L'enregistrement TXT contiendrait des données que les serveurs destinataires ne peuvent pas interpréter comme une clé publique DKIM valide, donc la vérification échoue purement et simplement - et pire, la clé privée se retrouve exposée dans le DNS public. Régénérez une nouvelle paire et republiez immédiatement plutôt que de tenter de réutiliser la clé exposée.

Pourquoi ma clé publique générée est-elle trop longue pour un seul enregistrement TXT ?

Une chaîne TXT unique est plafonnée à 255 octets par la RFC 1035, et l'encodage base64 d'une clé publique RSA-2048 dépasse cette limite. La plupart des fournisseurs DNS gèrent cela automatiquement en répartissant la valeur sur plusieurs chaînes entre guillemets qui se recombinent au moment de la requête - si ce n'est pas le cas du vôtre, il faudra peut-être saisir ce découpage manuellement en plusieurs segments.

Générer une nouvelle clé ici affecte-t-il ma configuration DKIM existante ?

Non. La génération d'une paire de clés ne crée des données que dans votre navigateur - elle ne touche ni le DNS ni votre serveur de messagerie tant que vous n'avez pas publié manuellement l'enregistrement TXT et chargé la clé privée dans votre système de signature. Votre sélecteur existant continue de fonctionner tant que vous ne changez rien vous-même.

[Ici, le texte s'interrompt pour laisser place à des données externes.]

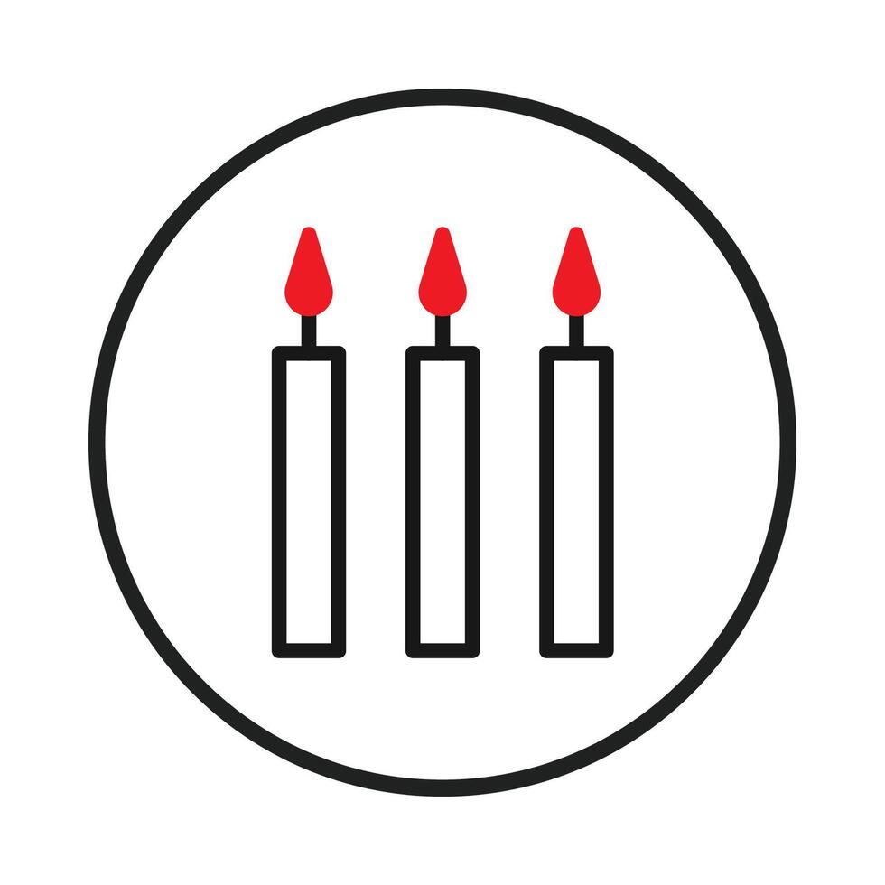 A simple icon of three illuminated candles arranged within a circular frame conveys warmth vector

Comment savoir que l'enregistrement TXT est bien actif avant de basculer la signature ?

Interrogez le nom exact de l'enregistrement depuis une autre machine ou un résolveur public une fois publié, et vérifiez que la valeur correspond bien à celle produite par ce générateur avant de pointer votre serveur de messagerie vers le nouveau sélecteur - cela évite une période où des emails seraient signés avec une clé qu'aucun enregistrement DNS ne permet encore de vérifier.